Auch wenn Frau Korber es nicht explizit im Sinn hatte, ist das Buch ein Appell, genauer hinzuschauen, Menschen in diesem Lebenslagen nicht alleine zu lassen. Dabei sind wir alle gefragt! Korber schreibt nichts darüber- dennoch wäre es interessant zu wissen, ob die Eltern der Schulkameraden von Simon das Handeln der Lehrkraft auf einem Elternabend hinterfragt haben, weil es ihnen befremdlich vorkam, dass ein Kind von der Gemeinschaft separiert wird und in einen Extraraum weggesperrt ist. An diesem Beispiel drängt sich mir allerdings noch eine ganz andere Frage auf: wie kann es sein, dass eine Lehrkraft so viel Macht über ein Kind hat, dass sie alleine entscheiden kann, ihm die Freiheit zu entziehen? Ist Schule wirklich so ein rechtsfreier Raum oder ist das, was Simon erlebt hat nur ein bedauerlicher Einzelfall?

Fazit

Korber ist Autorin historischer Romane und Krimis. Mit diesem Buch hat sie einen autobiografischen Lebenskrimi geschrieben- in dem Personen und Handlungen nicht frei erfunden sind, sondern ihrer Realität entstammen. Sie beschreibt ihre Gefühle und verschweigt dabei weder Frust noch Hass. Das ist eine Seite. Eine andere Seite beschreibt eine tiefe Verbindung zu ihrem Sohn Simon, die von Liebe und Verbundenheit geprägt ist, obwohl er oder gerade weil er ihr so viel abverlangt. Es ist anrührend zu lesen, dass es auch wundersame Momente gibt – z.B. als er den Satz sagt: „Ich liebe dich nicht- aber ich möchte es mal können“.
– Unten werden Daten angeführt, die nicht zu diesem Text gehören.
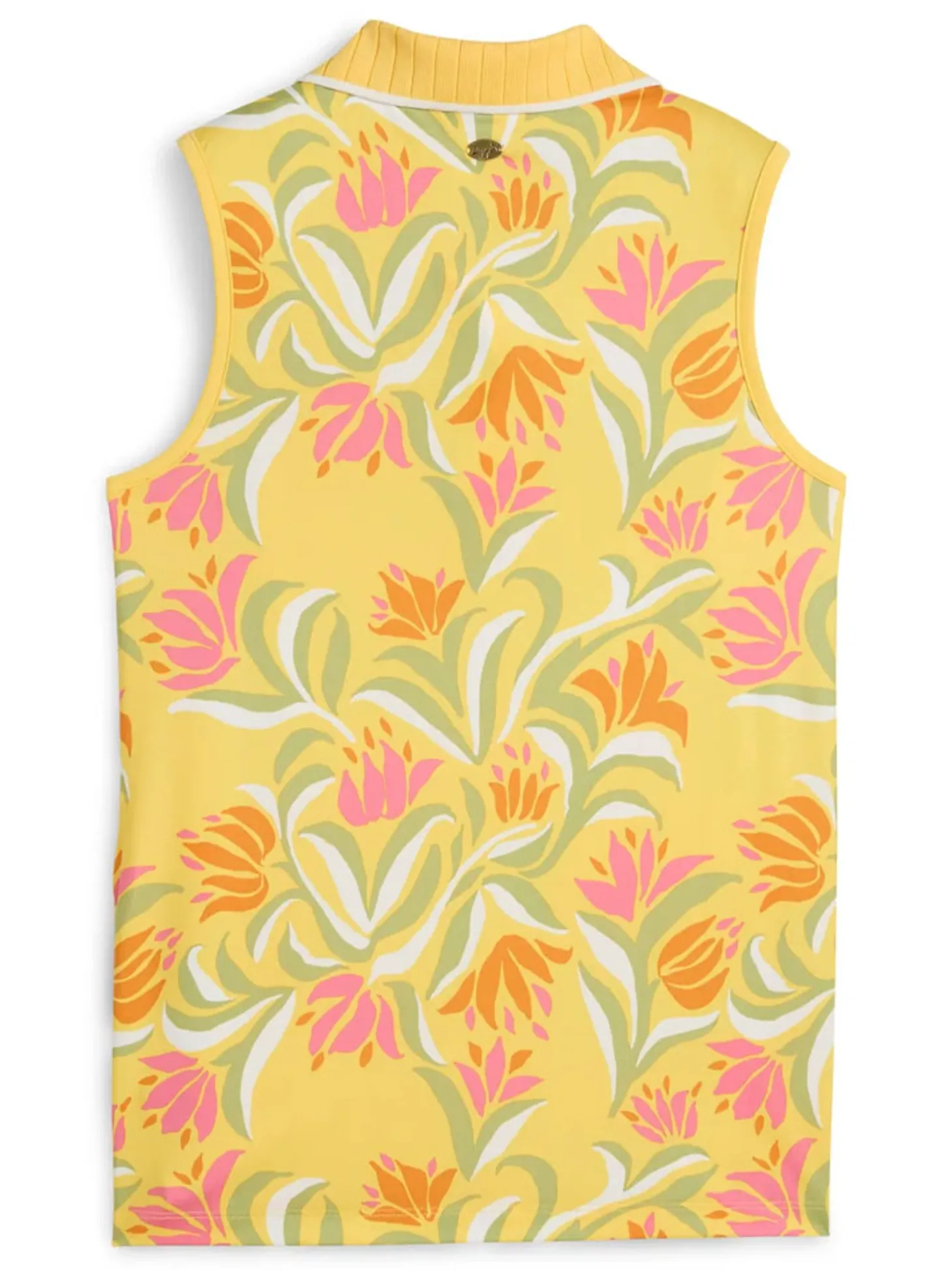 The Puma Womens x Dani Dazey Sleeveless Polo (Yellow) lets you enjoy cool-girl golf style. Based in LA, maximalist designer Dani Dazey brings her unique fashion sense to this special collection of women’s gear that includes dresses, skirts, shoes and more. This golf polo features our moisture-wicking dryCELL tech and a regular, sleeveless fit.

Frau Korber beweist Mut, so offen und schonungslos über ihr Leben mit einem Kind wie Simon zu schreiben. Sie tabuisiert nichts. Der Leser hat teil an dem Erleben der Mutter, die in allen Lebenslagen und rund um die Uhr präsent sein muss. Mutter eines autistischen Kindes zu sein heißt zwischen dem Kind und den Anforderungen der Umwelt zu stehen. Sie muss diesem Kind die Welt in besonderem Maß übersetzen und umgekehrt muss sie der Welt die Besonderheiten ihres Sohnes nahe bringen. Das ist eine anspruchsvolle Aufgabe. Korber ist es mit diesem Buch gelungen, die Vielschichtigkeit und Schwere zu schildern und gleichzeitig deutlich zu machen, wie sehr sie ihren Sohn, der ihr so viel abverlangt, liebt.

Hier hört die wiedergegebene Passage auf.